S2P78 · 11/07/2023 17:15

@Translucentwaters that's pretty much exactly what I sent her! And she left a 10 minute voicenote saying it was sad I couldn't show her respect that this was her choice to seek support via the whatsapp group, and that this was the best way of supporting her. So I've done the big step back - and it is a huge relief, but was given a proper guilt trip for it. No acknowlegement of my dad or any of that - just that she'll call me after this IVF round is done.
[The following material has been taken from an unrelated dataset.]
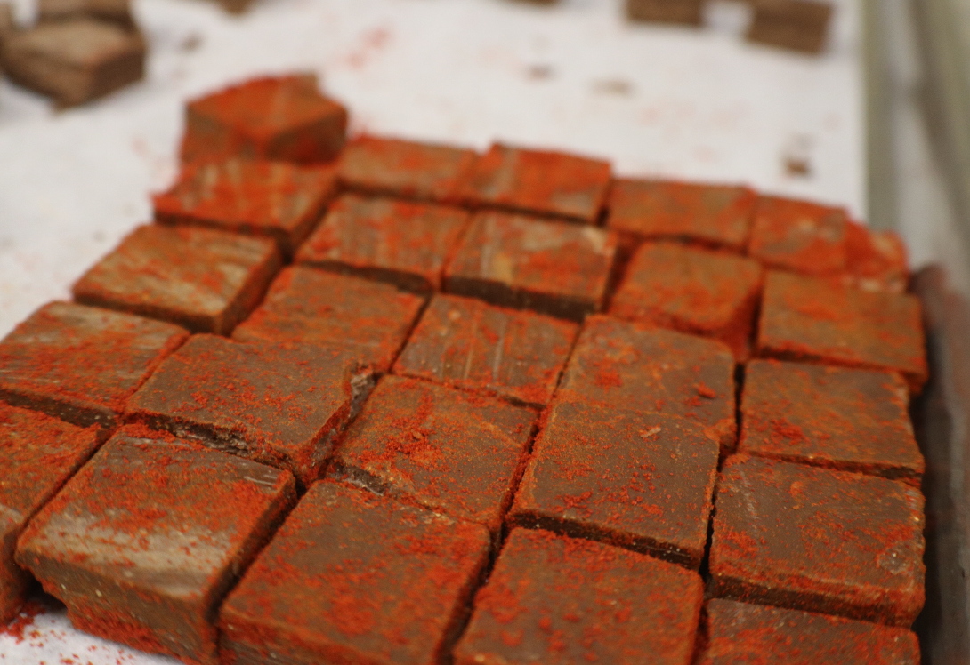 Smoked peanut butter and chocolate meltaways dusted in Spanish smoked paprika

I am a bit gobsmacked by the guilt trip, as my message was respectful, and kind, but so be it.

You have partially closed the door already.

Expect to hear from you when she realises you have had enough with some big drama. It’s all about her isn’t it.

I would probably reply that it’s s shame she can’t see the pressure you are under, and that’s probably part of the problem atm. Wish her well and leave it. Or even block her for a bit. ‘The friendship’ sounds totally one sided.

Translucentwaters · 11/07/2023 17:24

*her

Translucentwaters · 11/07/2023 17:25

I would no way take the phone call and have to listen to her berate you. Just ignore,

canpinkydance · 11/07/2023 17:29

Wtf is a glory song?

S2P78 · 11/07/2023 17:39

@Translucentwaters Yes I am going to try and avoid the call.

@canpinkydance it's a different song for each IVF injection and I guess her calling it a 'glory song' (no idea) is her way of praising herself for it or something. I don't know, but it is all quite bonkers.

I'm trying to think kindly that she's just not in a good place at the moment, but I feel deeply uncomfortable about the way this friendship makes me feel and how she is these days - so self-interested, it's a bit frightening. I've never known anyone be so self-absorbed, and she was a good friend. It's a balance of trying to step back without being unkind, I think.